::: INFORMATION SHOWN :::
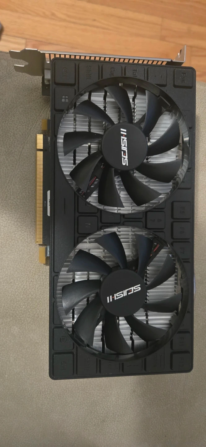 This is a Radeon RX 580 graphics card with 8GB of GDDR5 memory. It features dual fans for cooling. This card is great for gaming and other high-demand applications.
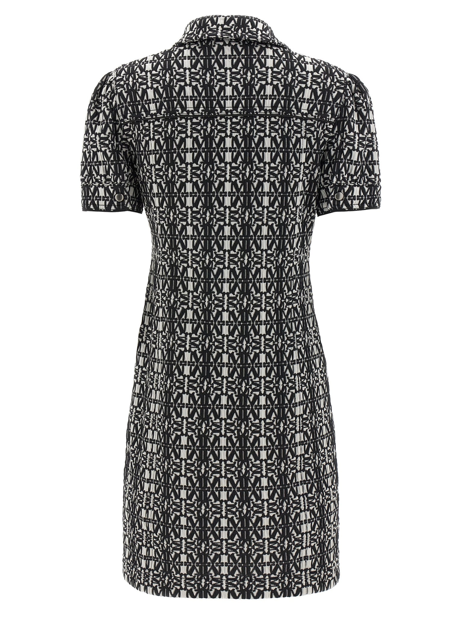 Discover a tailored short-sleeve jersey dress featuring an all-over jacquard logo that elevates everyday wear. The collar with button front and practical front pockets combine polish with functionality, while the true-to-size cut offers a confident fit. Designed for adult women in a White/Black palette, this Max Mara piece suits polished casual and refined daytime looks.
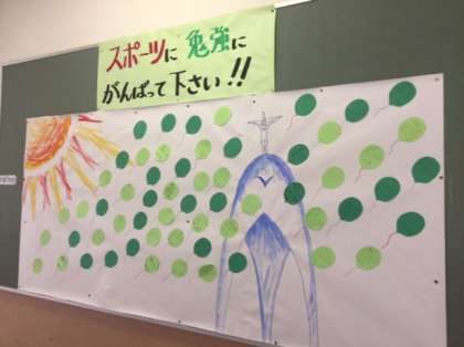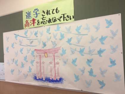 1・2年生一人一人が、鳩や風船の形をした紙に思い思いのメッセージを書き込んでいます。もうすぐ3年生ともお別れです。
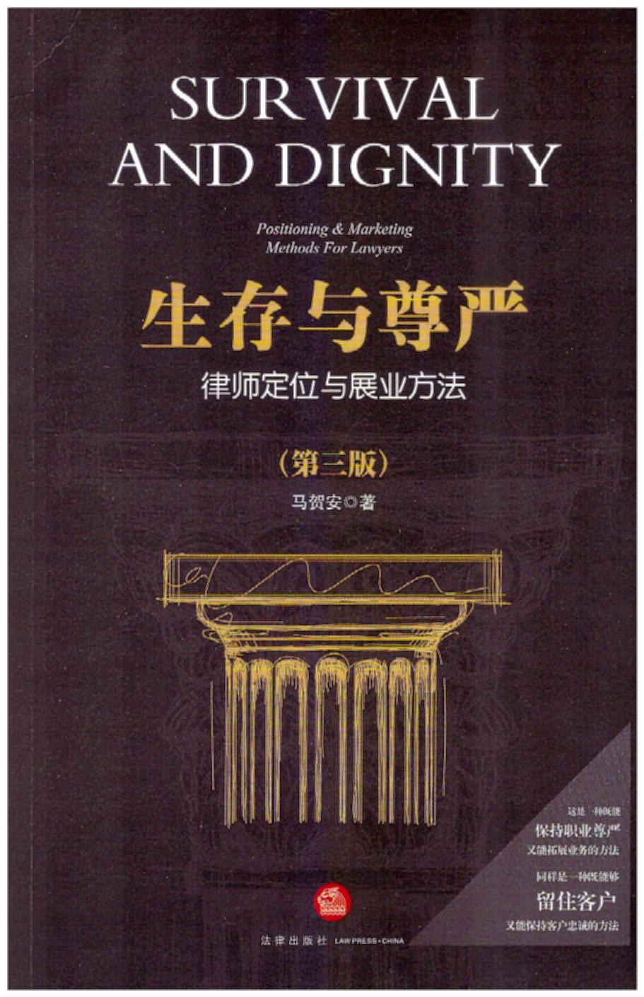 摘自:《生存與尊嚴(yán):律師定位與展業(yè)方法(第三版)》,法律出版社2016年1月出版。內(nèi)容簡(jiǎn)介:初版與第二版都非常暢銷(xiāo)并歷經(jīng)多次加印。許多資深律師在網(wǎng)上寫(xiě)這本書(shū)的“讀后感”,許多院校將此書(shū)列為參考書(shū)目,全國(guó)律協(xié)和多省律協(xié)將此書(shū)列為律師必讀書(shū)目。
:::
▶ _WORK TO COMPLETE_: Word for word, retype all of the data above, but include no pictures.

▶ _TASK ANSWER_:
 This is a Radeon RX 580 graphics card with 8GB of GDDR5 memory. It features dual fans for cooling. This card is great for gaming and other high-demand applications.
 Discover a tailored short-sleeve jersey dress featuring an all-over jacquard logo that elevates everyday wear. The collar with button front and practical front pockets combine polish with functionality, while the true-to-size cut offers a confident fit. Designed for adult women in a White/Black palette, this Max Mara piece suits polished casual and refined daytime looks.
 1・2年生一人一人が、鳩や風船の形をした紙に思い思いのメッセージを書き込んでいます。もうすぐ3年生ともお別れです。
 摘自:《生存與尊嚴(yán):律師定位與展業(yè)方法(第三版)》,法律出版社2016年1月出版。內(nèi)容簡(jiǎn)介:初版與第二版都非常暢銷(xiāo)并歷經(jīng)多次加印。許多資深律師在網(wǎng)上寫(xiě)這本書(shū)的“讀后感”,許多院校將此書(shū)列為參考書(shū)目,全國(guó)律協(xié)和多省律協(xié)將此書(shū)列為律師必讀書(shū)目。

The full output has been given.